07:36 Donc c'est un service à la pointe, où on a les dernières recherches,
07:39 les dernières études, les dernières prises en charge,
07:41 on a les essais thérapeutiques dont vous apprenez tout le temps.
07:44 Quand vous êtes infirmière libérale, vous allez faire des soins à domicile aux patients.
07:48 Ce sont des soins aussi difficiles, parce que les gens, ils imaginent qu'une infirmière libérale,
07:52 elle va faire sa petite injection et qu'elle s'en va.
07:54 Non, une infirmière libérale aussi, elle s'occupe des patients handicapés à la maison,
07:58 elles font des toilettes, la plupart du temps, elles sont seules pour faire ces toilettes,
08:02 donc elles sont obligées de soulever des poids, tourner des poids,
08:05 c'est lourd pour une femme, ça vous...
08:07 Et c'est pas reconnu comme un métier fatigant physiquement,
08:11 alors que oui, c'est épuisant physiquement.
08:14 Et c'est pour ça aussi que vous pouvez le voir, dans deux jours,
08:16 les infirmières libérales vont manifester à Paris, justement,
08:19 par rapport à leur salaire qui est ridicule,
08:22 par rapport à la charge en soins, aussi bien physique que psychologique.
08:26 - D'où elle est venue cette surdité, Madame Hoffman ?
08:29 - Le stress. J'ai perdu l'audition avec le stress.

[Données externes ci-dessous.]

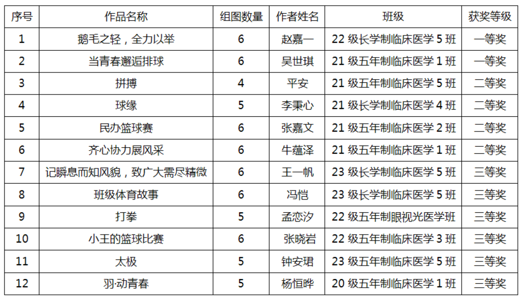 由51风流 体育运动委员会主办,51风流 应用体育学学系执行的51风流 2023年“班级体育故事”摄影展示赛于近日圆满完成评审工作。 该摄影赛于本学期初开始,于2023年12月初截止收稿,期间共收到34个行政班级54组作品。收稿截止后,应用体育学学系专门组织了一批有一定摄影经验的教师进行评审,经过评审,基础医学院2022级8年5班赵嘉一等十二名同学的作品分别被评选为一、二、三等奖,结果如下: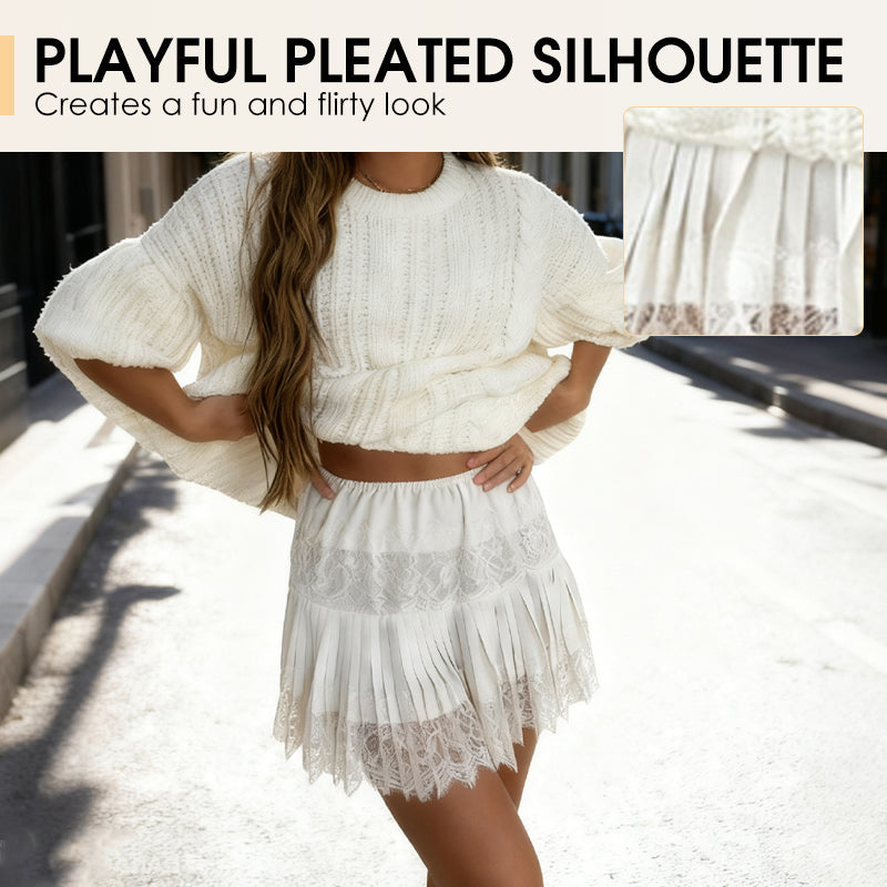 Chic Pleated Lace Trim Mini Skirt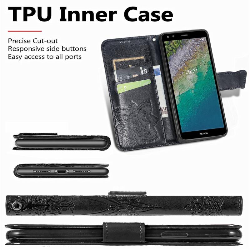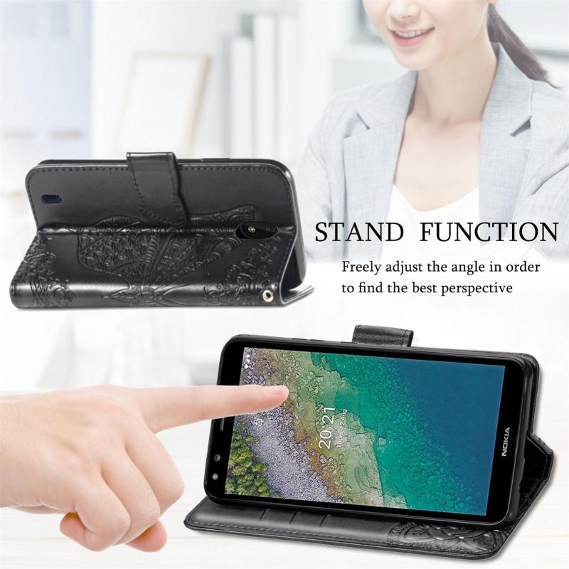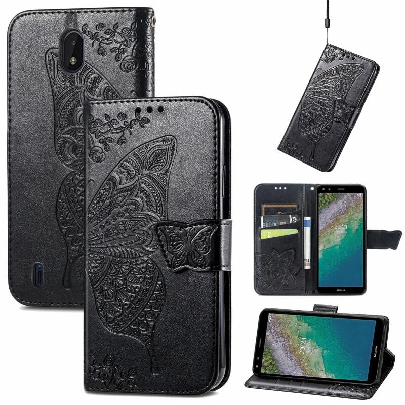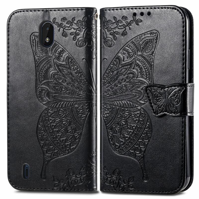 Butterfly Love Flowers Embossed Horizontal Flip Leather Case with Holder & Card Slots & Wallet & Lanyard For Nokia C01 Plus(Black)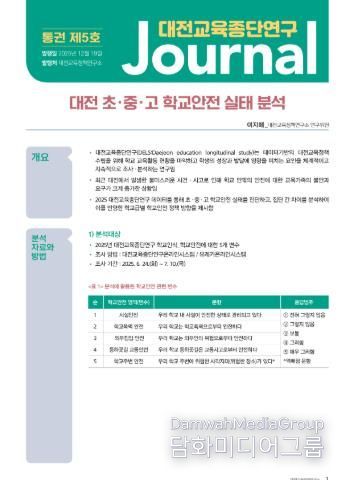 시민행정신문 기자 | 대전교육과학연구원 대전교육정책연구소는 2025년 대전교육종단연구저널 제5호'대전 초·중·고 학교안전 실태 분석', 제6호 '대전 교육가족의 정신건강 현황 분석'을 발간하여 대전 모든 기관 및 전국 교육정책연구소에 안내하고, 대전교육과학연구원 누리집에 공개했다고 밝혔다.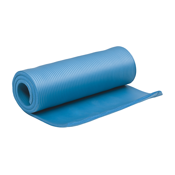 15 mm tjock pilatesmatta från Master Fitness med ett gummiband som håller ihop mattan. Tillverkad av NBR
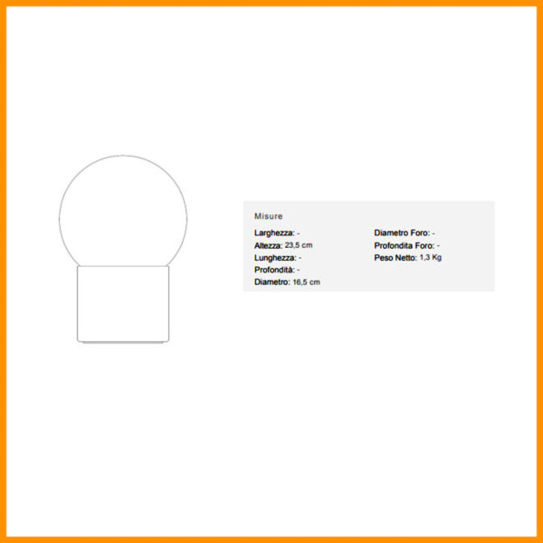 • Dimensioni: h. 23,5 cm. - d. 16,5 cm.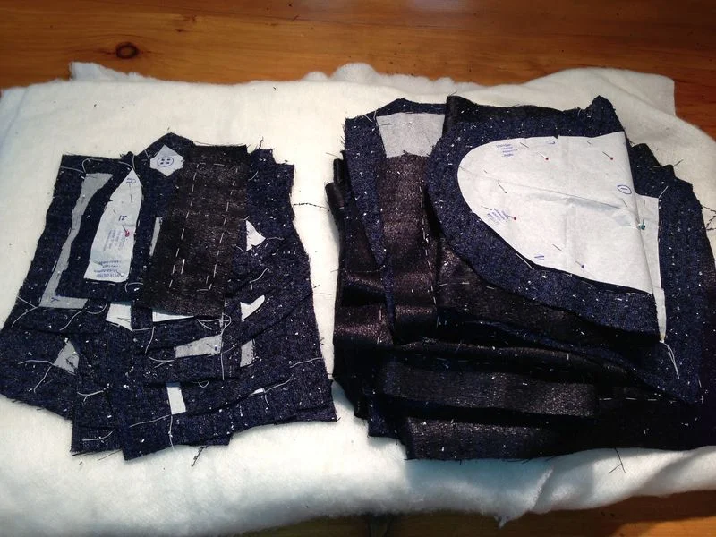 This was a little tricky as I wanted to go to Camp Couture this time to learn how to do the "finishings", professional bound buttons, the most beautiful pockets flaps, exquisite top stitching! so I thought it would be better to tailor as I normally would and remove what I need to when I get there. I don't know quite how to add the bound buttons holes to the jacket now its at this point but its always quicker to take something off or cut a chunky square out, then it is to add it!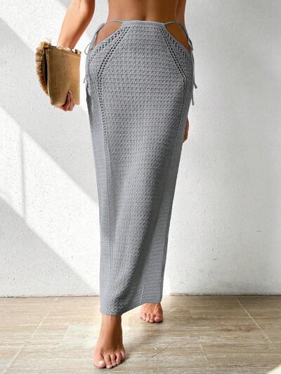 Summer Women's Solid Color Bandeau See-Through Knot Sleeveless Cover Up Dress-32%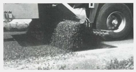 7.5.6 Температура при распределении битума: - для вязких битумов марок БНД 60/90, БНД 90/130 в пределах +150° - +160°С; - для марок БНД 130/200 в пределах +100° - +130°С; - для полимербитумных вяжущих в пределах +140° - +160°С. Температуру и концентрацию эмульсии устанавливают в зависимости от погодных условий следующим образом: - при температуре воздуха ниже +20°С эмульсия должна иметь температуру +40 - +50°С (при концентрации битума в эмульсии 55–60 %). Подогрев эмульсии до такой температуры осуществляется непосредственно автогудронатором; - при температуре воздуха выше +20°С эмульсию можно не подогревать (при концентрации битума в эмульсии 50 %). 7.5.7 Щебень необходимо распределять сразу после розлива битума (не допуская его загустевания). Дополнительного нагрева щебня перед распределением не требуется. Распределение щебня производится самоходными или навесными щебнераспределителями, осуществляющими распределение “в одну щебёнку” при плотном расположении по поверхности обрабатываемого покрытия. Не допускаются пропуски и чрезмерное распределение щебня по поверхности. После прохода распределителя щебня окончательное выравнивание и исправление поверхности осуществляется вручную гладилками и скребками. 7.5.8 Сразу после россыпи щебня производится уплотнение гладковальцовыми катками массой 6-8 тонн (4-5 проходов по одному следу). Затем тяжелыми гладковальцовыми катками массой 10-12 тонн (2-4 прохода по одному следу). Для лучшего проявления шероховатой структуры целесообразно последнюю стадию уплотнения производить гладковальцовыми катками с обрезиненными вальцами. 7.5.9 При использовании битумных эмульсий работы ведутся в следующем порядке: - смачивание обрабатываемого покрытия водой (возможно с активирующими добавками) в количестве 0,4-0,5 л/м2; - розлив эмульсии по покрытию в количестве 30 % от расхода, указанного в таблице 8; - распределение 70 % щебня от расхода, указанного в таблице 10 (разрыв не более 20 м с интервалом во времени не более 5 мин. от момента розлива эмульсии); - розлив оставшейся эмульсии; - распределение оставшегося щебня; - укатка катками массой 6-8 тонн по 3-4 прохода по одному следу (начало укатки должно совпадать с началом распада эмульсии); - уход за устроенной поверхностью. 7.5.10 Уход за поверхностной обработкой осуществляется в течение первых двух-четырех суток после устройства и заключается в регулировании движения (последовательные проходы автотранспорта по определенным продольным полосам со скоростью не более 40 км/час) и систематическом наметании неприжившегося щебня механическими щетками с кромки на покрытие. По истечении срока ухода неприжившийся щебень должен быть удален с поверхности покрытия. В случае использования анионактивной эмульсии движение следует открывать не ранее чем через одни сутки после устройства поверхностной обработки. 7.5.11 При назначении расходов материалов для устройства шероховатого слоя методом поверхностных обработок рекомендуется также использовать Индивидуальные элементные сметные нормы и расценки на работы по ремонту автомобильных дорог с использованием новой техники и технологий (2003 г.). 7.6 Устройство поверхностных обработок с использованием литых эмульсионно-минеральных смесей (ЛЭМС, “Сларри Сил”, микросурфасинг и др.): Материалы для устройства ЛЭМС выбираются с учетом ВСН 27-76, ТУ 218 РСФСР 536-85, Пособ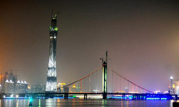 廣州電視觀光塔(又稱廣州塔、廣州新電視塔),建于廣州市海珠區(qū)赤崗塔附近地面,距離珠江南岸125米,與海心沙島及廣州新電視塔夜景珠江新城隔江相望。是一座以觀光旅游為主,具有廣播電視發(fā)射、文化娛樂和城市窗口功能的大型城市基礎(chǔ)設(shè)施,將為2010年在廣州召開的第十六屆亞洲運動會提供轉(zhuǎn)播服務(wù)。該塔仍然在建,由上海建工集團負責(zé)施工,預(yù)計2009年9月竣工。竣工后的廣州電視觀光塔整體高度達到610米,將取代加拿大的西恩塔成為世界第一高塔,也將成為廣州的新地標。其中塔身主體454米,天線桅桿156米。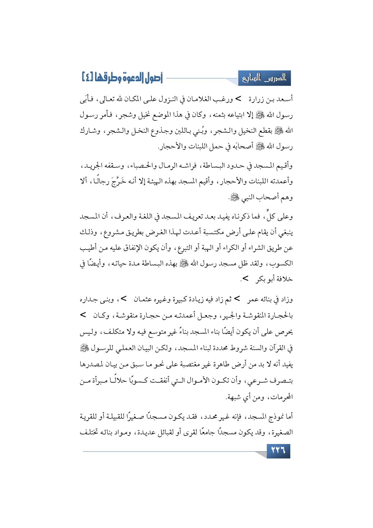 وأقيم المسجد في حدود البساطة، فراشه الرمال والحصباء، وسقفه الجريد، وأعمدته اللبنات والأحجار، وأقيم المسجد بهذه الهيئة -كما ذكرت- إلا أنه خرج رجالًا، ألا وهم أصحاب النبي -صلى الله عليه وآله وسلم.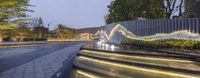 In the city of Chongqing, China, a stunning architectural marvel. The waterfront complex features illuminated stairs, fountains, and trees. Enjoy a tranquil walk in the suburban courtyard under the clear evening sky.

08:32 Parce que ce qu'il faut retenir aussi, c'est que Sébastien Liffschit a filmé ce documentaire
08:37 pendant la crise Covid.
08:39 Donc pendant la crise Covid, tout le monde était à domicile, confiné,
08:43 sauf nous. Nous, on allait affronter les patients avec le Covid,
08:47 les patients qui avaient d'autres pathologies,
08:50 et il faut gérer ça, il faut gérer l'absentéisme du personnel.
08:53 Vous avez plus d'infirmières, mais vous pouvez pas dire
08:55 "on ferme le service aujourd'hui, on n'a plus d'infirmières".
08:56 C'est pas possible, il faut trouver des solutions.
08:58 - Et la retraite alors ?
08:59 - Oh, c'est le plus beau métier du monde.
09:02 - Nous, on s'inquiétait tous pour vous, parce qu'après 40 ans d'une vie aussi intense,
09:06 on s'est dit "mais elle va s'écrouler, Madame Hoffman".
09:08 - Mais pas du tout, je revis, je revis.
09:11 - Merci beaucoup, Madame Hoffman.
09:13 Le film sort mercredi prochain en salle.
09:15 Merci d'être venue à Paris nous voir.
09:17 - Merci de m'avoir accueillie.